[Start of section]
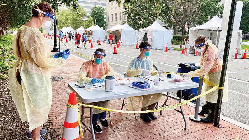 美國核酸檢測的數量最大,因而確診案例最多。圖為2020年8月14日華盛頓特區的一條街道提供COVID-19測試。(AFP)
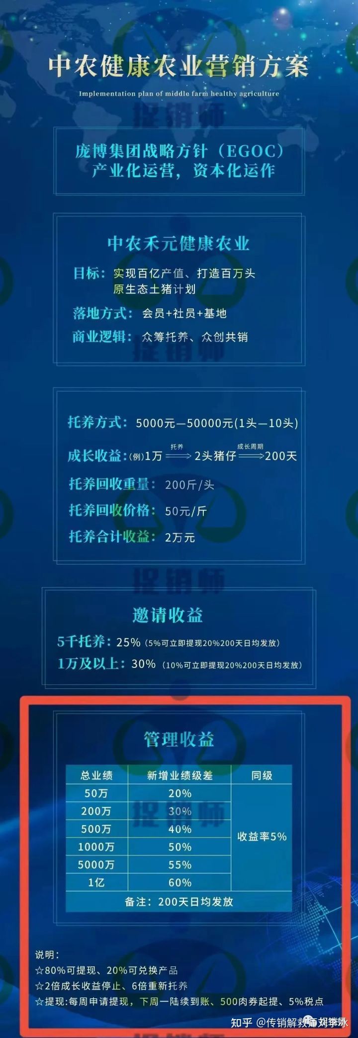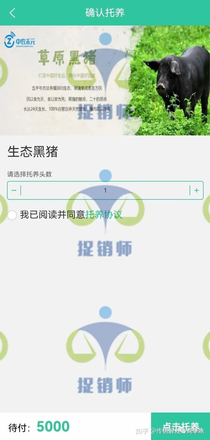 近日,反传销普法网:捉销师注意到中农禾元(北京)科技发展有限公司推出了一个名叫“百万头原生态黑猪养殖计划”的项目。
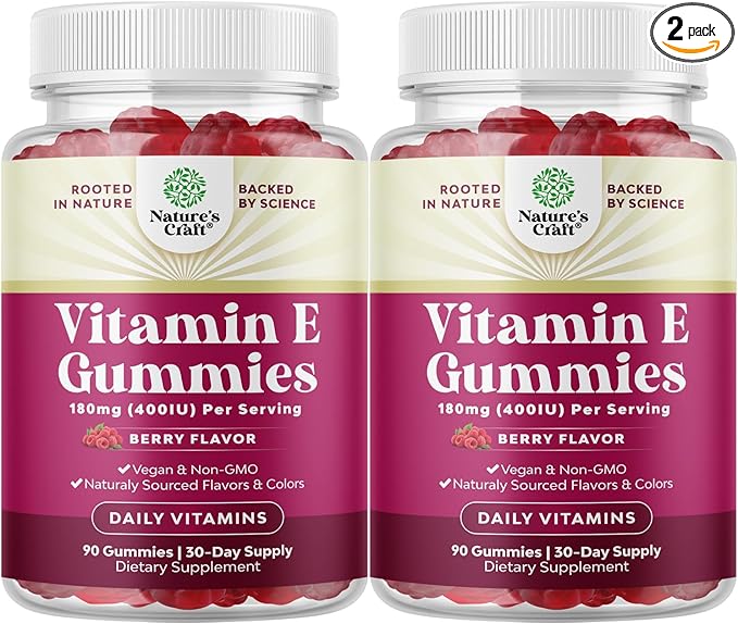 Natures Craft Vitamin E Gummies for Skin Care - High-Potency Vitamin E 400 IU Skin Supplement - Delicious & Easy-to-Take Supplement Promote Health Immune Support & Cellular Protection (2 Months)
[End of section]
**THE TASK**
Write out exactly and only the lines that run from the start of the data above through the line containing "近日,反传销普法网:捉销师注", leaving the pictures out.

**RESPONSE TO THE TASK**
 美國核酸檢測的數量最大,因而確診案例最多。圖為2020年8月14日華盛頓特區的一條街道提供COVID-19測試。(AFP)
 近日,反传销普法网:捉销师注意到中农禾元(北京)科技发展有限公司推出了一个名叫“百万头原生态黑猪养殖计划”的项目。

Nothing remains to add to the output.